Недостатком данного метода является затруднение в достоверности определения подвоя внутри групп. Но самым главным фактором является то, что данную апробацию можно провести лишь спустя 1-2 года после посадки саженцев. Только спустя этот период времени можно с определенной степенью достоверности судить о силе роста дерева и предположить, к какой группе принадлежит подвой. Необходимо еще раз отметить, что точно идентифицировать какой тип подвоя при этом использовался, практически невозможно.
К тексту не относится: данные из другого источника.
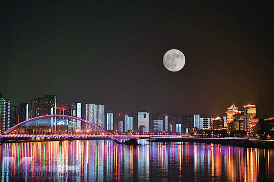 9月17日晚,一輪明月緩緩升起,宛如一個(gè)白玉盤,月光灑在三江兩岸,與絢麗的燈光,組成了一幅溫情畫卷(兩次曝光合成)。(記者 王勇 攝)
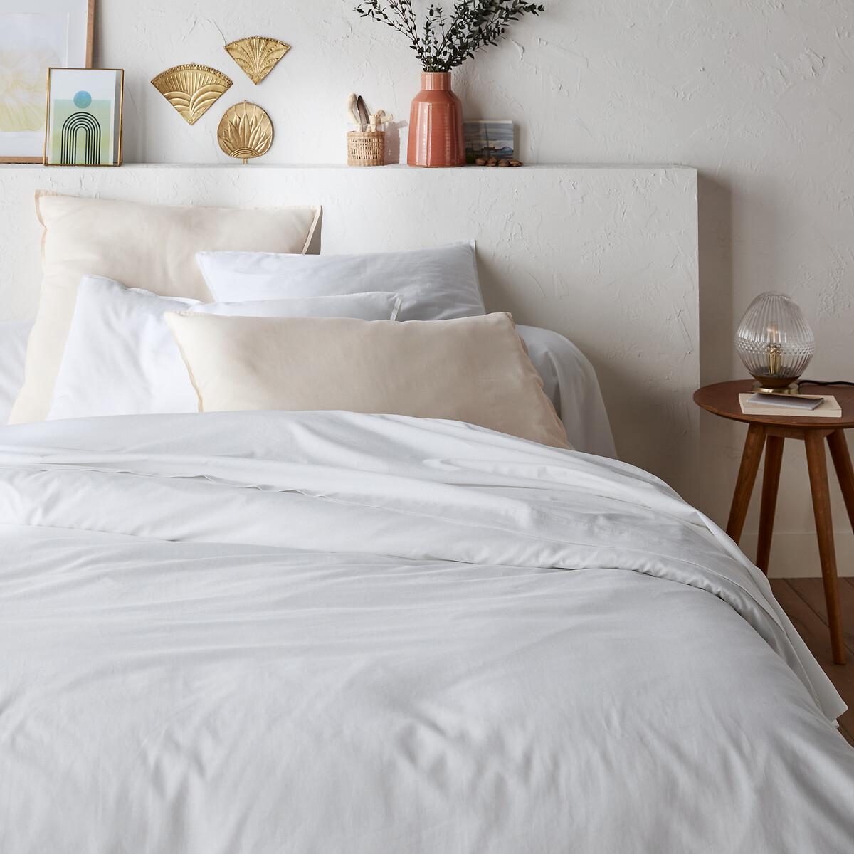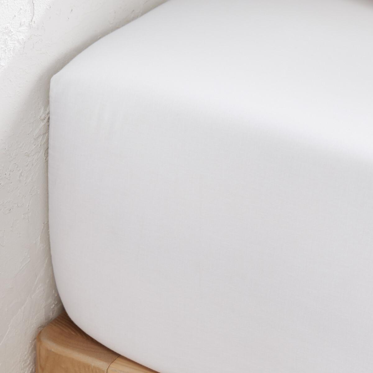 The Scenario washed cotton fitted sheet. The washed cotton has been delicately bleached during its manufacture. Soft, supple and comfortable, it softens over time. Its slightly wrinkled appearance is incredibly on-trend, and it does not require ironing. Team this bedding with other pieces from the range and create different combinations to keep things looking fresh. Product Details • 100% cotton • 144 thread count • Flap height 30cm for thick mattresses • 4 elasticated corners Care Advice • Machine washable at 60°C • By washing your laundry at 40°C instead of 60°C, you limit energy consumption. Sizes • 90 x 190cm: Single • 140 x 190cm: Double • 160 x 200cm: King • 180 x 200cm: Super King • OEKO-TEX® Standard 100. Standard 100 certification by OEKO-TEX® tests textile products for harmful substances via an independent, international label.
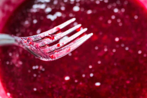 La capa superior es a la vez simple y complejo. Es una combinación simple, pero es algo difícil de conseguir la consistencia correcta. Mi objetivo era hacer no goteo como la mermelada, pero no gomosa. Básicamente, debe sentirse como comer mermelada con la comodidad de que no rezuma por todas partes mientras que usted come. La relación en mi caso fue alrededor de 10 a 1 mermelada a la gelatina, aunque fue en el lado gomoso, así que un poco menos habría sido aún mejor.
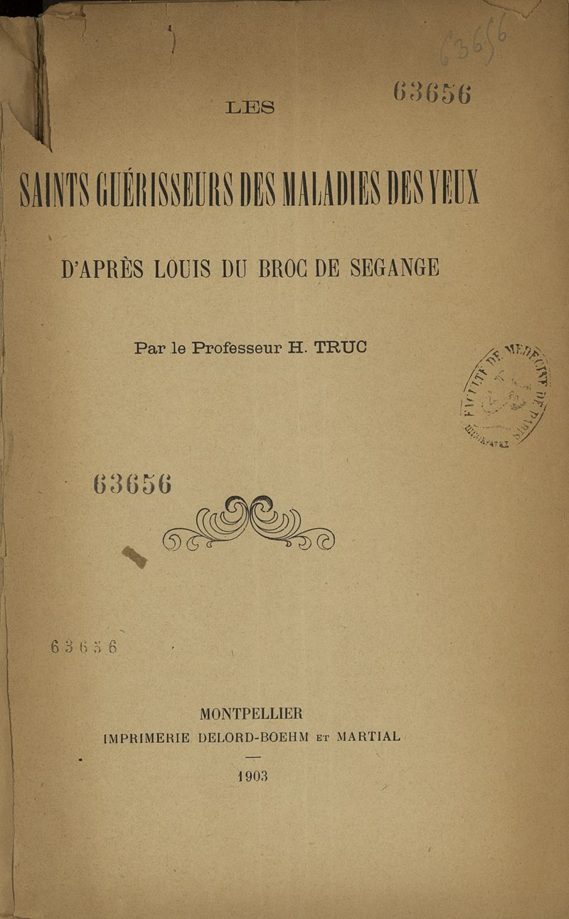 Les saints guérisseurs des maladies des yeux d'après Louis du Broc de Segange
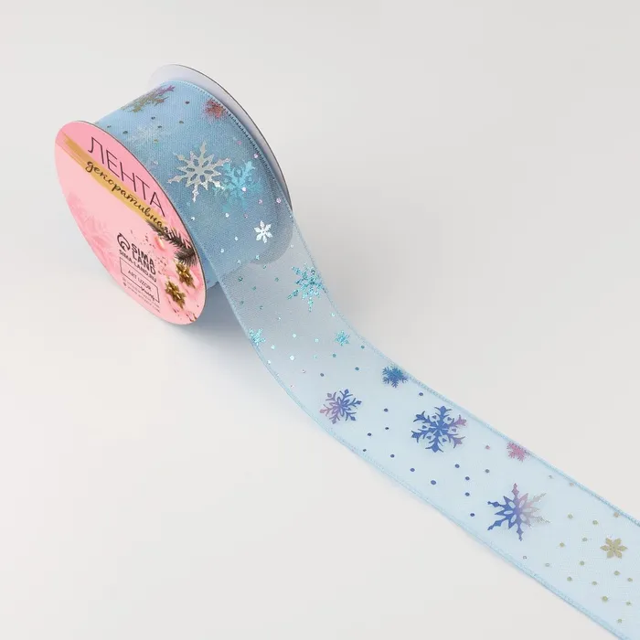 Лента капроновая «Снежинки», 40 мм, 9±0.5 м, голубая — Характеристики
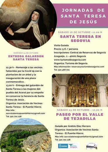Esta actividad se suma al programa de actos organizado por la Parroquia de Santa Teresa junto con la Asociación de Vecinos Santa Teresa-Puente Hierro, en el que figura, entre otras propuestas, el paseo por el valle de Tejadilla guiado por Andrés Díez el 23 de octubre a las 10:00 horas, y la entrega del galardón Santa Teresa el día 24, desde las 12:30 horas.
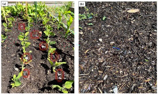 Garden soil (a) white plastic particles are noticeable on the surface of the garden, and (b) blue plastic particle visible along top of garden.
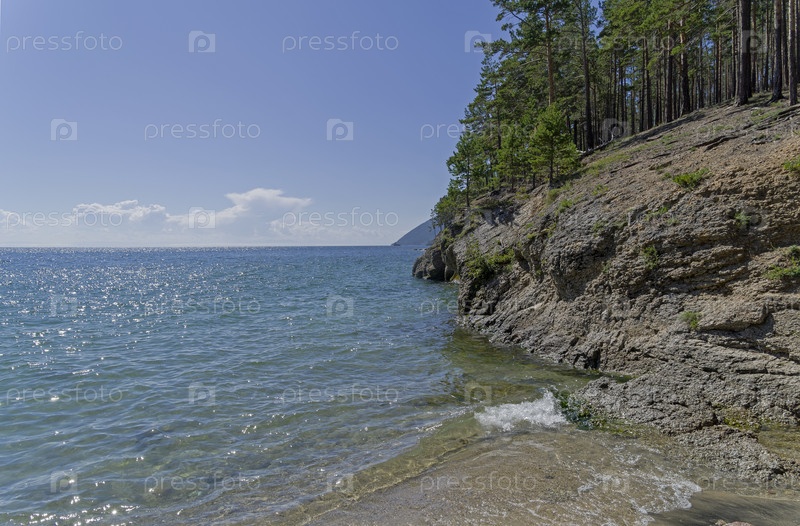 Высокий скалистый берег, поросший хвойным лесом. Вид с Большой Байкальской тропы. Озеро Байкал. Иркутская область, Россия. Август
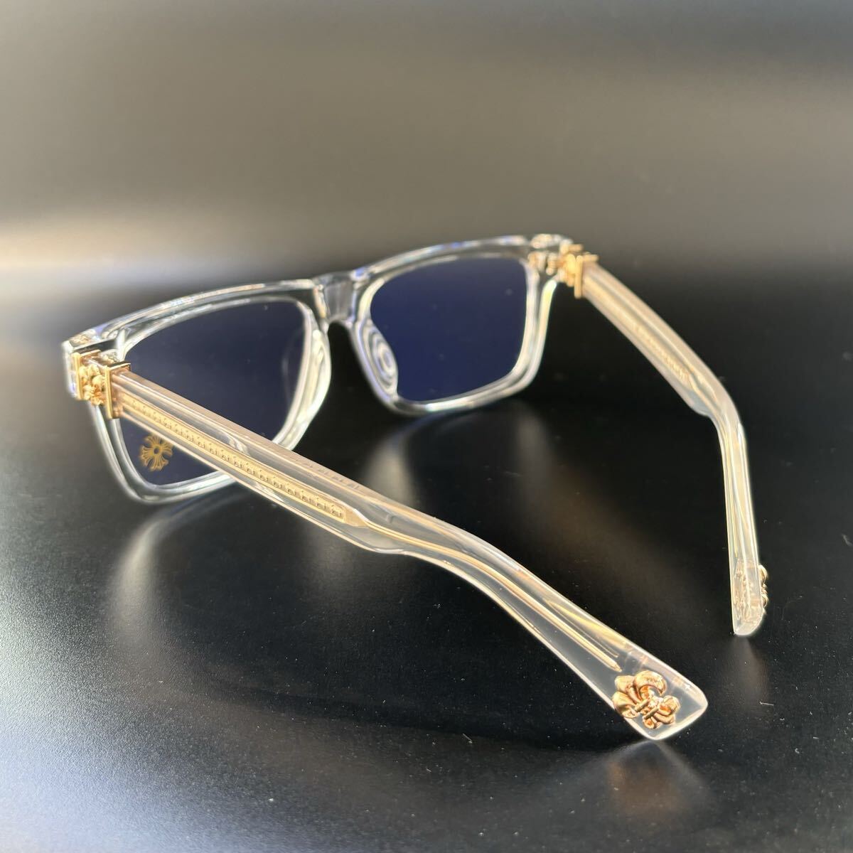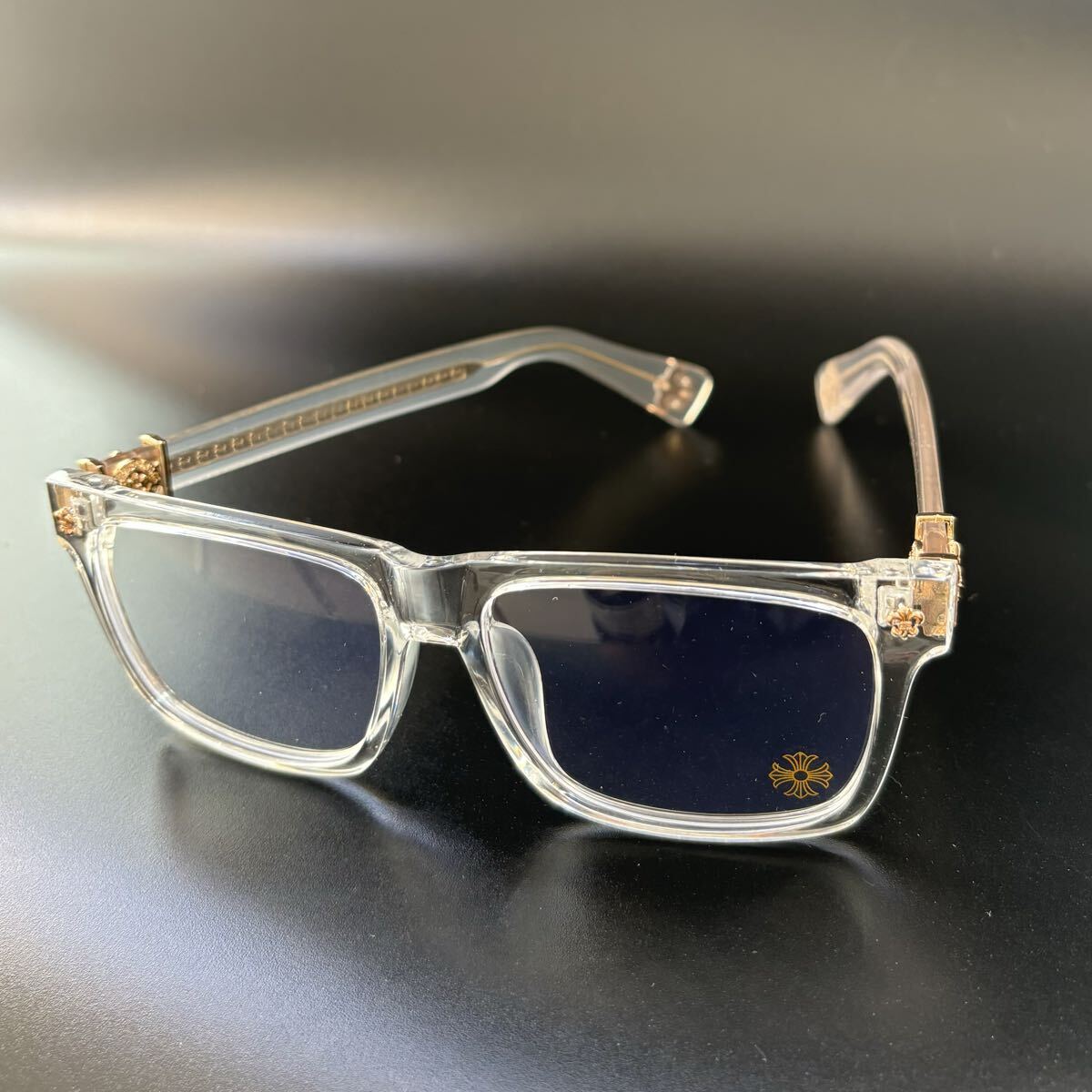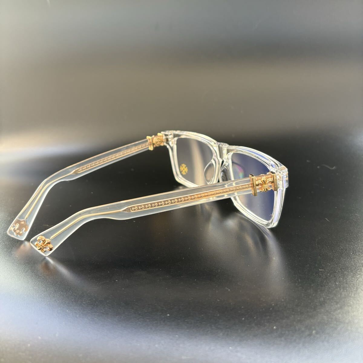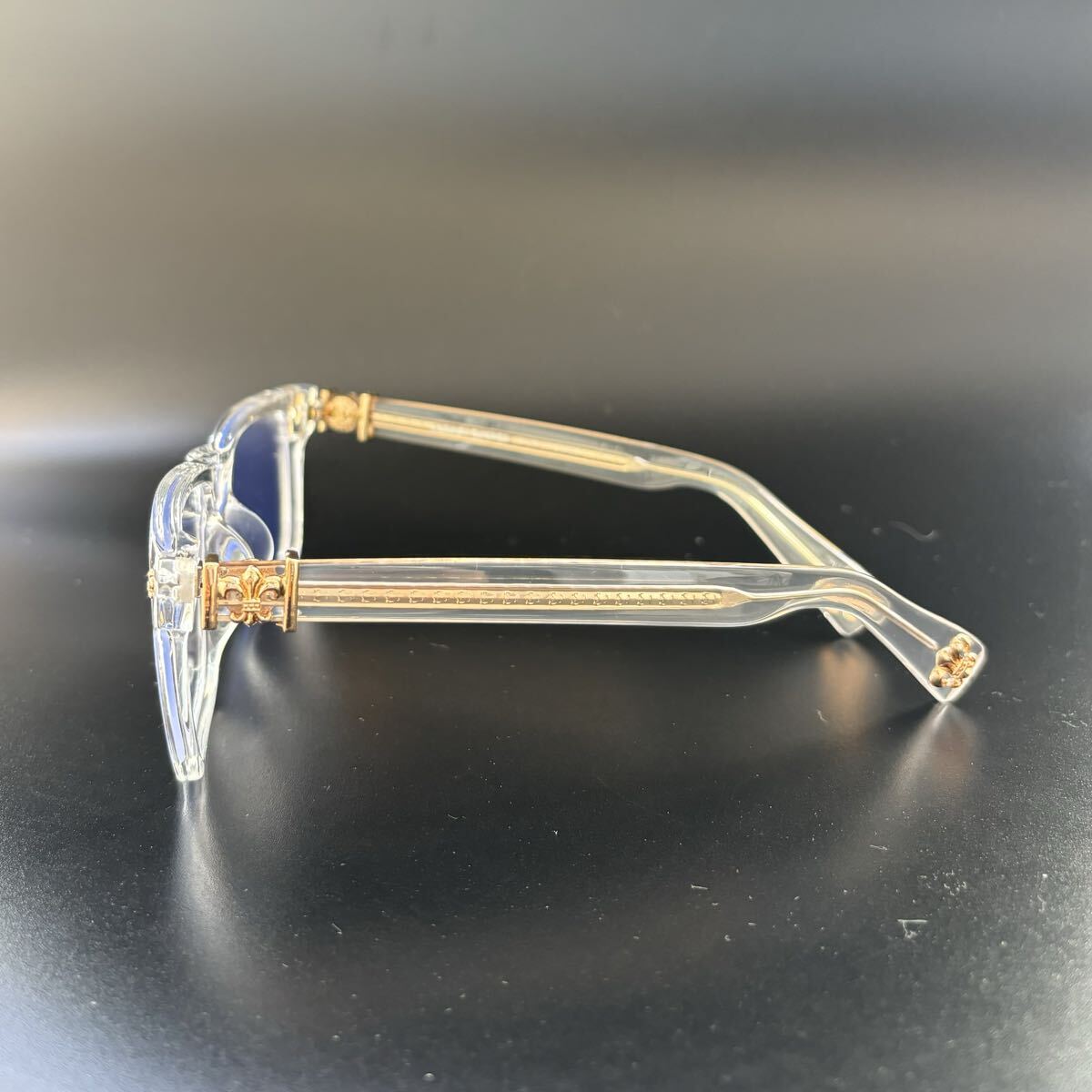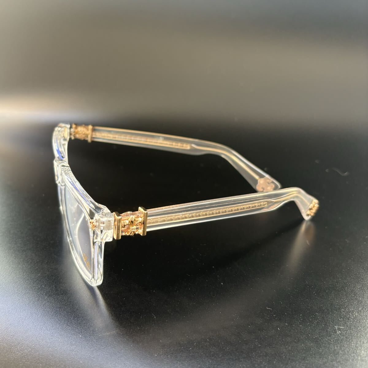 クリアフレームにゴールドのテンプル(つる)を組み合わせることで、洗練された印象と高級感を演出します。男女兼用で、カジュアルからフォーマルまで幅広いスタイルにマッチ。

Наиболее близким к заявляемому способу техническим решением является способ ДНК-паспортизации подвоев яблони серии СК (СК 1, СК 2У, СК 4, СК 5, СК 7) по трем STR-маркерам (СН03а04, CN445290, CN581493-SSR). [И.И. Супрун, Я.И. Алексеев, О.П. Малюченко, А.В. Бабаков, Я.В. Ушакова. Генотипирование подвоев яблони отечественной селекции с использованием мультиплексного STR-анализа // Селекция и сортоиспытание. - 2012 - №4- С. 20-22].

Недостатки способа: 3 маркера недостаточно для формирования уникального ДНК-паспорта. Техническим результатом при использовании предлагаемого изобретения является экспрессность и достоверность генетической идентификации подвоев яблони.

Технический результат достигается за счет использования 12-ти микросателлитных ДНК-маркеров, позволяющих получить ДНК-паспорт, который впоследствии будет использован для точной, безошибочной идентификации образцов. Формирование мультиплексных наборов ДНК-маркеров позволит повысить скорость выполнения ДНК-маркерного анализа, т.к. в один мультиплексный набор будет входить 3-4 маркера, что позволит получать результаты генотипирования по 3-4 маркерам одновременно. Точность идентификации размера фрагмента ПЦР (Полимеразная цепная реакция) амплификации по используемым ДНК-маркерам будет составлять не менее 1 пары нуклеотидов.

На начальном этапе осуществления способа проводят экстракцию ДНК методом с применением цетилтриметиламмония бромида (ЦТАБ).

ПЦР-анализ проводили по стандартным методикам [Шибата Д.К. Полимеразная цепная реакция и молекулярно-генетический анализ биоптатов / Д.К. Шибата. М.: Мир, 1999. - С. 395-425]. ПЦР-смесь включала: 1 мкл пробы ДНК, полученной с использованием указанного протокола, 0,05 мМ dNTPs, 0,3 мкМ каждого праймера, входящего в праймерную пару используемого ДНК-маркера (2,5 мкл 10xSE ПЦР-буфера (ООО «Сибэнзим), 1 единица активности Taq-ДНК полимеразы, в общем объеме реакционной смеси 25 мкл. Постановку ПЦР проводили по следующей программе: 1 мин. при 94°С для начальной денатурации; следующие 35 циклов: денатурация 30 сек. при 94°С; 30 сек. отжиг праймеров при температуре 58°С; 30 сек. синтез при 72°С. Финальный цикл синтеза при 72°С - 5 мин.

Для проведения ПЦР-реакции использовали набор из 12-ти высокополиморфных SSR-маркеров для генетической паспортизации подвоев, распределенных в четыре мультиплексных набора. Каждый из мультиплексных наборов включает 3 маркера (таблица 1).

При распределении ДНК-маркеров по мультиплексным наборам учитывался такой параметр ДНК-маркеров как диапазон размеров продуктов ПЦР, синтезируемых с их использованием. Это позволяет при проведении электрофореза продуктов ПЦР на генетическом анализаторе ABIprism3130 получать на электрофореграммах пики (фигура 1, 2), не перекрывающиеся и не накладывающиеся друг на друга, что значительно повышает эффективность и достоверность анализа.

Анализ размеров амплифицированных фрагментов проводили на автоматическом генетическом анализаторе ABI prism 3130. Обработку данных осуществляли в программе Gene Mapper 4.1.

Пример 1. Формирование ДНК-паспорта полукарликового подвоя яблони СК 2У

По заявляемому способу использовали 12 указанных в таблице 1 микросателлитных ДНК-маркеров, объединенных в мультиплексные наборы по 3 ДНК-маркера в каждом.

Пример 2. Формирование ДНК-паспорта полукарликового подвоя яблони ММ106

Аналогично примеру 1, кроме того, что ДНК-паспорт формировали для подвоя ММ106. Результаты, полученные при ДНК-паспортизации подвоев СК2У и ММ106, приведены в таблице 2.

*Для каждого подвоя указан размер амплифицированных фрагментов по микросателлитным ДНК-маркерам в парах нуклеотидов. При выявлении двух фрагментов их размер указывается друг за другом, с разделением двоеточием.